2) GTAW (TIG). The TIG mode of the welder features both AC and DC output which is suitable for welding all metals when required. It includes a high frequency start and a lift start function to give the operator maximum flexibility welding in areas that restrict HF use. A fully adjustable AC mode with AC wave form selection feature allows the user to weld Aluminum and Magnesium. A fully adjustable pulse feature is also included to help control heat and distortion. It can also be used to improve bead appearance. A key feature of this welder ’ s design places all connections on the front of the panel instead of under the spool cover. No install kits are necessary to make the unit TIG ready. A gas solenoid is used to automatically control gas flow when the arc is started and stopped according to the time set on the panel. A foot pedal or torch switch is used to control the TIG function. The pedal controls the amps when plugged in. Similarly, the torch switch provided with the TIG torch can be used to control the functions on the panel sequencer graph. The sequencer can be used to preset amp and slope parameters to work in conjunction with the torch switch. It is also used to control other aspects of the weld parameters that may be

Section 1 Introduction and Specifications related to 2T/4T torch switch or foot pedal operation. The unit is ready to TIG weld (with the exception of Tungsten and shielding gas) when it arrives.

Additional TIG consumable kits can be purchased from Everlast which include stubby consumables or gas lens kits with Tungsten in the kit. Attention!

Be sure to read all the connection directions located in this manual and important information regarding proper connections of torch and work cable in TIG mode or damage or improper operation may occur.

3) SMAW (Stick). In stick mode the welder delivers a smooth DC low spatter arc. Professional, high quality welds are obtainable with E7018, 7014,

309L, 316L, 6011 and many other similar rods that are designed for use with any DC stick welder. This unit is optimized for welding E6010. This setting also works well with the easier welding E6011. The

Stick mode also features adjustable hot start time and hot start intensity controls which are designed to help reduce sticking during arc starts while simultaneously reducing porosity or inclusions during arc initiation. Note: This unit does not provide AC operation in stick mode. AC operation is for TIG only.

4) Stick Arc Force Control. The arc force control adjusts the quality and feel of the welding arc. It does so by modifying the volt/amp curve. As the voltage drops below approximately 20 volts when the arc gap (length) is shortened, the unit reacts by automatically boosting the amps over the original Amp setting. This helps to prevent the rod from sticking and helps keep the arc going as arc voltage falls.

This action also boots penetration and can be used to change the way the arc feels and acts.

5) Burn Back Control. Burn back control is used to control the length of the wire stick out after the trigger is released. It helps to prevent the welding wire from sticking in the coalescing weld puddle after the arc is terminated and saves the user from having to trim the wire before restarting the arc.

6) Synergic MIG Mode. Synergic mode may be engaged to simplify welder setup and adjustment.

This mode will allow the customer to input basic parameters and the machine will automatically set the wire feed speed (amps) and voltage based off of the user input. The unit ’ s programming is easily overridden and the welder will remember the new ratio of voltage to wire feed setting during the active welding session until the process is changed, or until the Synergic mode is deselected. The machine has three synergic modes, one for standard MIG

12 operation, one for standard Spool gun operation and one for standard push pull gun operation. If a setting is found that is desirable, be sure to save it under a program number and record it, or the settings will be lost once you leave the welding session/mode.

7) Pulse TIG Mode. The pulse TIG feature can be employed to control heat, wicking of the puddle and reduce the arc cone diameter, improving the directability of the arc.

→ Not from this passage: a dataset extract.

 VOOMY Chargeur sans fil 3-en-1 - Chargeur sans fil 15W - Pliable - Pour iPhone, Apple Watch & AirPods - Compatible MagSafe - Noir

The Pulse TIG mode allows the setting of Pulse Amps, Pulse Frequency, and

Pulse Time On. Each features serves to change and shape the welding arc and puddle to control heat, wet in and penetration.

8) Pre and Post Flow Control. The adjustable Pre and

Post flow control features are designed to improve weld quality at the beginning and end of the weld where porosity from oxidation can be a problem.

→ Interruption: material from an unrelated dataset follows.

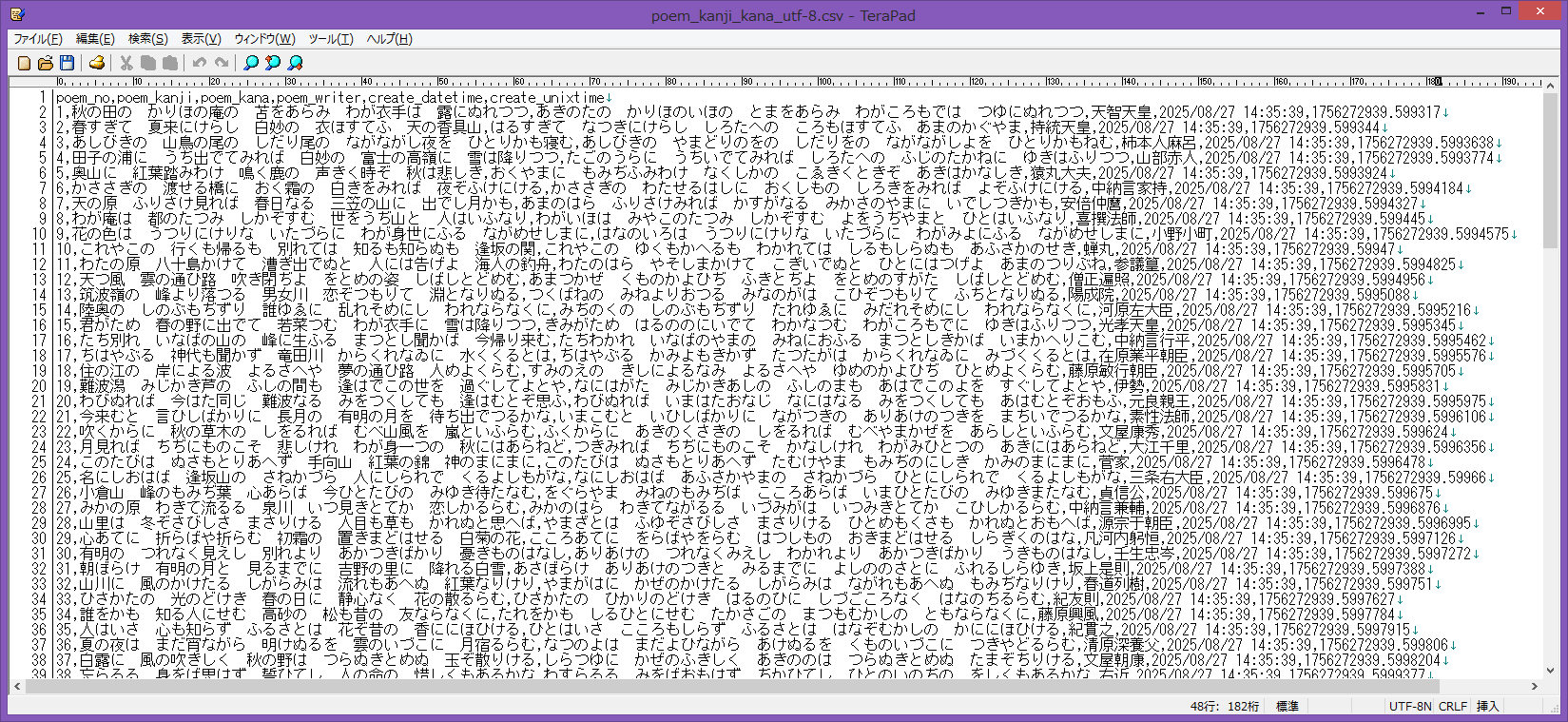 out_file = "./data/poem_kanji_kana_utf-8.csv"

This is accomplished by providing adjustable time controls for both pre flow and post flow of shielding gas. This control is active for both MIG and TIG.

9) MIG Start and Crater Fill (MIG End) Feature improves starts and starts, and helps prevent bead cracking and porosity in 4T mode.

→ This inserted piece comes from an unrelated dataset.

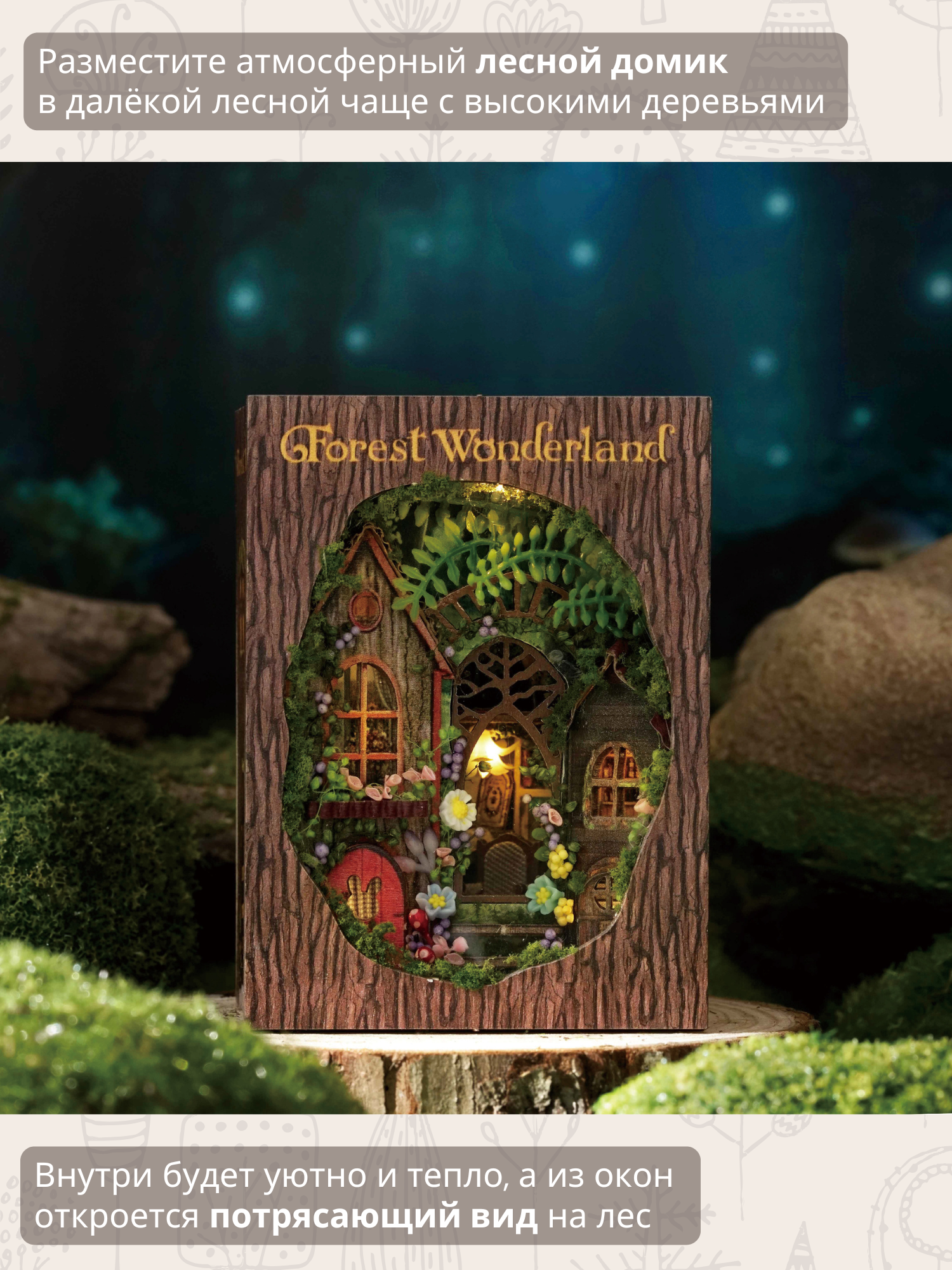 Подарочный Интерьерный конструктор (Румбокс Book-Nook) Yarvita в книге "Лесная Рапсодия" миниатюра DIY House информация:

10) Slow Run in of Wire. This feature improves arc striking quality in MIG modes by helping prevent arc stuttering (machine gunning) and push off during arc initiation by slowing the wire speed until the arc is established. Note: This feature does prevent the user from taking accurate measurements of wire feed speed manually as the wire will feed slower until the arc is struck and maintained. Adjustments to starting (upslope) may be made to further improve the arc starting properties of this welder.

11) Spool Gun Modes.

This welder is well equipped to handle the aluminum welding needs of most customers by being both spool gun ready. The unit can handle several different Everlast spool gun models, but the best is the 300 amp, Parker® DSP

360A spool gun. Also the user may want to consider the Everlast SM200N MTS gun which is a 200+

Amp gun with a 24 series barrel. A spool gun is an economical choice for light to heavy applications requiring a fast deposition rate of aluminum on materials 3/16” or greater in thickness. A spool gun is limited to 4” rolls (usually holding 1 lb of aluminum and 2 lbs of other filler metals) so numerous spools may be needed on larger projects .

Note: This unit does not support push pull gun operation. It only supports spool gun operation.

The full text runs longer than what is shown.